Friday, January 2, 2009

Money supply and the Fed's Actions

Many of you elected to use the December 18 article titled "Japan Looks Set to Follow U.S. Rate Cut". Several of you had difficulty conceptualizing the mechanism of the money supply. As stated by a class participant:

The article mentions that as part of the “quantitative easing” approach, the Fed may consider buying U.S. Treasuries to create funding for new programs. I am not clear how the U.S. federal government purchasing its own securities provides additional funding in a real sense.

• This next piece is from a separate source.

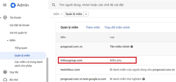 Vậy là ta đã thêm Miền/Domain phụ vào trong tài khoản google workspace thành công.
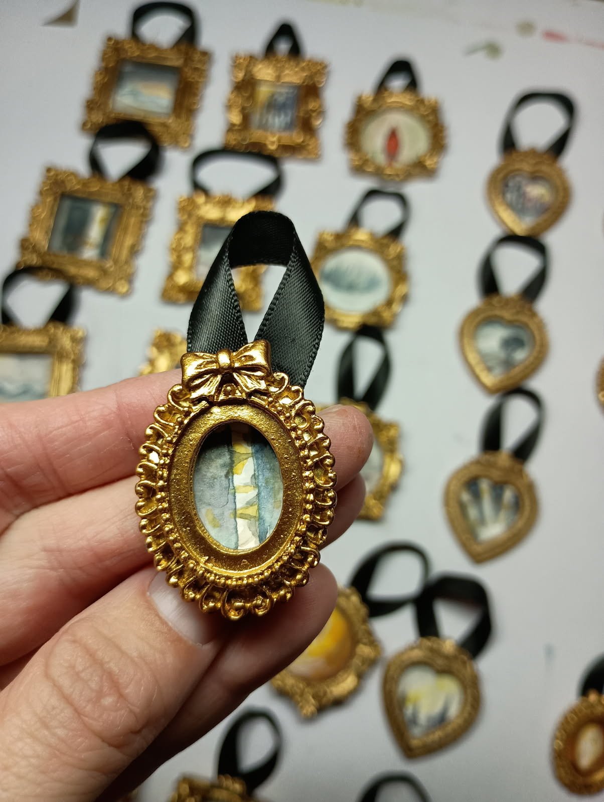 Micro Original Painting: Rustic Birch Tree Art Magnet & Ornament - Vintage Gold Frame

To clarify this issue I will guide you through the following steps:
1. Economic activity is promoted by banks extending credit
2. When credit is granted by a bank, it create a "deposit" available to the borrower for check writing.
3. Banks are limited by reserve requirements (stipulated by the Fed) as to how much credit they can extend. Currently, for every 10 dollars in deposits the bank must hold a reserve of one dollar. The more the reserves available to a bank the more deposits (and hence credit) it can create.
4. When the Fed buys securities from dealers, it pays them money that is automatically deposited in their bank accounts.
5. This extra money constitutes new (and therefore additional)reserves that enable banks to lend more (see point 3 above) by creating new loans (deposits).
6. Because bank deposits constitute a component of the money supply, we say that by purchasing securities the Fed helps increase the money supply or the quantity of money.
7. Note that if banks refuse to use the new reserves to grant new loans (as they currently do) , the money supply may not grow.